The recommended cipher suite for backwards compatibility (IE6/WinXP):

ssl_ciphers "EECDH+AESGCM:EDH+AESGCM:AES256+EECDH:AES256+EDH:ECDHE-RSA-AES256-GCM-SHA384:ECDHE-RSA-AES128-GCM-SHA256:DHE-RSA-AES256-GCM-SHA384:DHE-RSA-AES128-GCM-SHA256:ECDHE-RSA-AES256-SHA384:ECDHE-RSA-AES128-SHA256:ECDHE-RSA-AES256-SHA:ECDHE-RSA-AES128-SHA:DHE-RSA-AES256-SHA256:DHE-RSA-AES128-SHA256:DHE-RSA-AES256-SHA:DHE-RSA-AES128-SHA:ECDHE-RSA-DES-CBC3-SHA:EDH-RSA-DES-CBC3-SHA:AES256-GCM-SHA384:AES128-GCM-SHA256:AES256-SHA256:AES128-SHA256:AES256-SHA:AES128-SHA:DES-CBC3-SHA:HIGH:!aNULL:!eNULL:!EXPORT:!DES:!MD5:!PSK:!RC4";
ssl_prefer_server_ciphers on;

If your version of OpenSSL is old, unavailable ciphers will be discarded automatically. Always use the full ciphersuite above and let OpenSSL pick the ones it supports.

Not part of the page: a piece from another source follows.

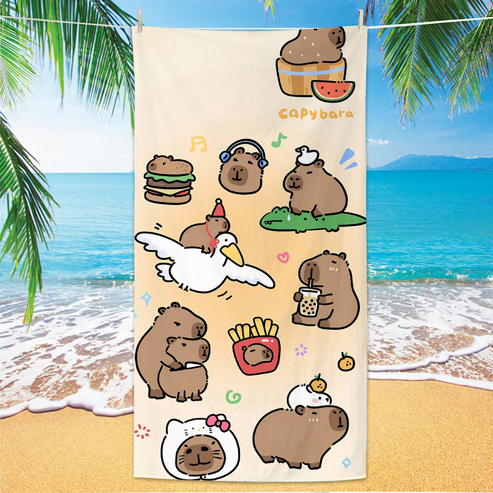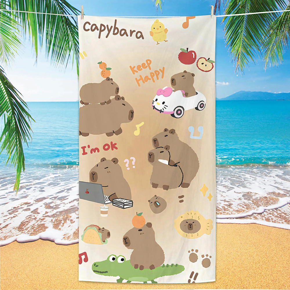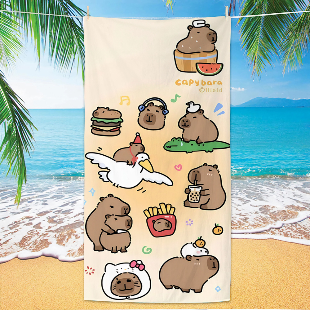 2025 새로운 국경 Kapibala 비치 타월 흡수성 속건성 비치 타월 마이크로 화이버 만화 수영 타월

The ordering of a ciphersuite is very important because it decides which algorithms are going to be selected in priority. The recommendation above prioritizes algorithms that provide perfect forward secrecy.

 

Prioritization logic

ECDHE+AESGCM ciphers are selected first. These are TLS 1.2 ciphers and not widely supported at the moment. No known attack currently target these ciphers.
PFS ciphersuites are preferred, with ECDHE first, then DHE.
AES 128 is preferred to AES 256.  At the moment, AES128 is preferred, because it provides good security, is really fast, and seems to be more resistant to timing attacks.
In the backward compatible ciphersuite, AES is preferred to 3DES. BEAST attacks on AES are mitigated in TLS 1.1 and above, and difficult to achieve in TLS 1.0. In the non-backward compatible ciphersuite, 3DES is not present.
RC4 is removed entirely. 3DES is used for backward compatibility

 

Protocol Support: SSL or no SSL

To prevent downgrade attacks and poodle attack, we will also disable old SSL protocols

For Apache:

SSLProtocol all -SSLv2 -SSLv3

For Nginx:

ssl_protocols TLSv1 TLSv1.1 TLSv1.2;

This disables all versions of SSL, enabling only TLS 1.0 and up. All versions of Chrome and Firefox support at least TLS 1.0.